Monday, January 12, 2009

Multicultural billboard FAIL


Here in Texas, multicultural means Hispanic. And Hispanic usually means Spanish. I'm not saying these are the right way to do things, but they tend to be the way they're done.

I'm not a huge fan of Pepsi's new campaign, and neither is Barbara Lippert of Adweek, but I almost wanted to give Pepsi some "multicultural" credit for an appropriately placed billboard en Espanol.

The billboard says ¡Delicioso! and of course the Os are the strangely revised Pepsi icon. It does double duty, because who can't figure out what delicioso means, even without knowing a lick of Spanish. However, someone made a production mistake that snuffs out half or more of the multicultural credit this billboard worked to get.

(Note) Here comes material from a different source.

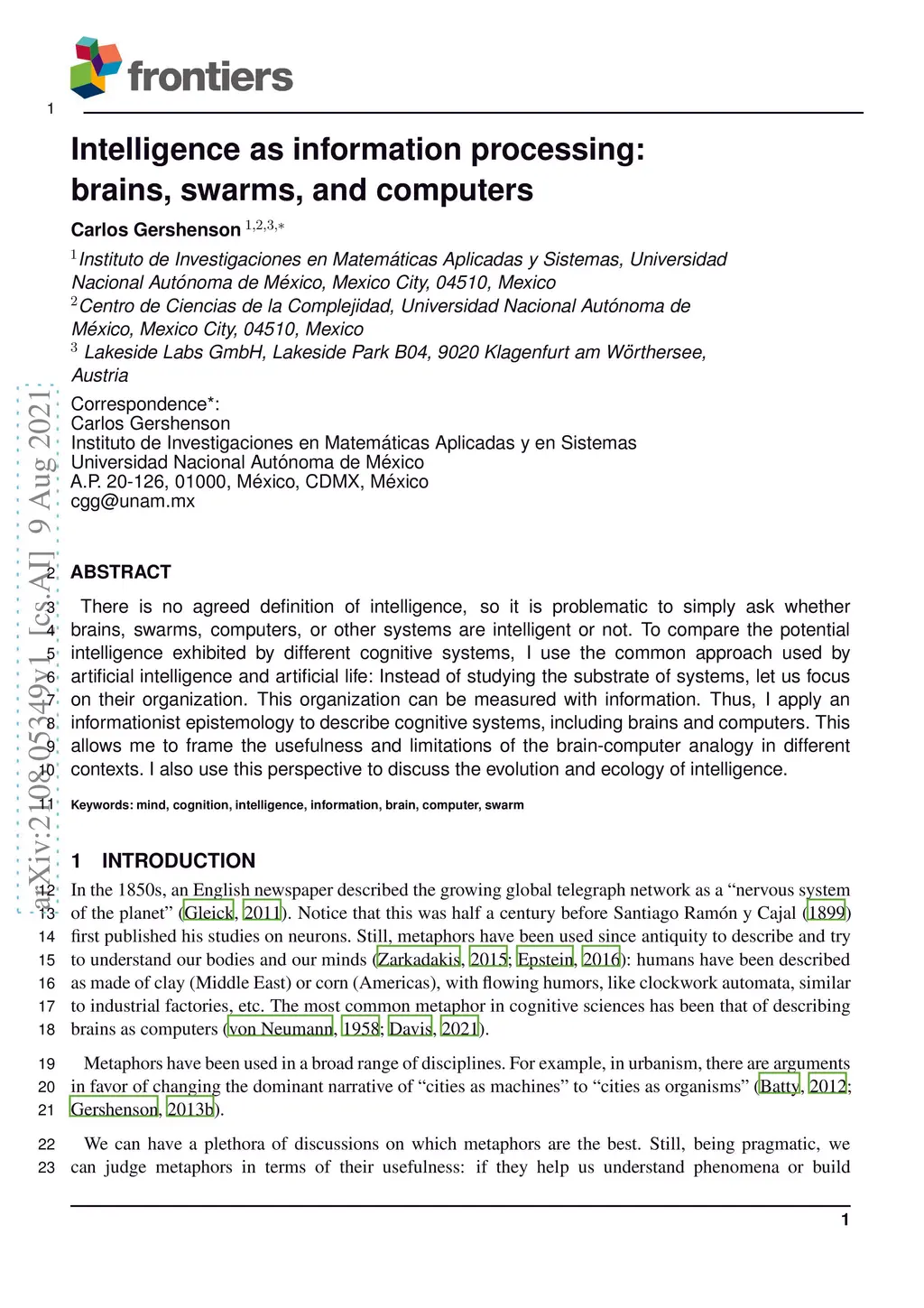 There is no agreed definition of intelligence, so it is problematic to simply ask whether brains, swarms, computers, or other systems are intelligent or not. To compare the potential intelligence exhibited by different cognitive systems, I use the common approach used by artificial intelligence and artificial life: Instead of studying the substrate of systems, let us focus on their organization. This organization can be measured with information. Thus, I apply an informationist epistemology to describe cognitive systems, including brains and computers. This allows me to frame the usefulness and limitations of the brain-computer analogy in different contexts. I also use this perspective to discuss the evolution and ecology of intelligence.

You see, I didn't even see the exclamation points until the third or fourth time I passed the billboard. Why? Because they're bleeding of the edge. Literally half to two-thirds of each exclamation point is off of edge of the board, meaning you have to strain to see a third of a white punctuation mark on a light pink billboard (that's right, it's light pink).

I'm sure you could find any surfer dude on the west coast who would know what delicioso means, but the upside-down exclamation point is something unique to Spanish (and by that, I mean we don't have it in English) and shows some genuine cultural (or at least lingual) understanding.

Yet, this crucial element was obscured by a production mistake.

I'm just not sure how a mistake like this happened. It's common practice in anything involving print production to leave "dead space" or an area around the important stuff that doesn't have anything important in it. Media channels ask you to leave this dead space because what they do doesn't always come out to an exact science and want to make sure your work isn't ruined if one of the cut measurements ends up a little off. I kind of doubt this was the production company's whoopsie. Perhaps it was the work of an inexperienced graphic artist whose work went unchecked by an over-busy creative director who didn't want to be bothered with proofing (read "ick!").

But enough speculation, the result is the same- billboard fail.

1 comment:

Anonymous said...

I'm not impressed with Pepsi's new logo, so I'm not too surprised at a billboard fail by the same agency. I first saw the new logo at a church basement event, and I was hesitant to take the can because it looked generic. And everyone knows generic cola tastes like dirt. The lady saw my look and assured me it was real Pepsi. I don't recall a rebranding that made a brand name look like a rip-off of itself before.

Here in Chicago, there's been a bunch of Careerbuilder street ads with zero margins, frequently cutting off big chunks of letters. The first instance I saw was on the side of a building, so I thought it was a planning error that wasn't apparent until it was too late. (Yes, we still have signs painted on buildings here.) But then I saw billboards and subway and bus-stop signs with the same zero-margin. Are they trying to make the letters as big as possible? Trying to be different? Don't know what they're doing?

I don't get it. Any reputable printing company will tell you if your margins are too small.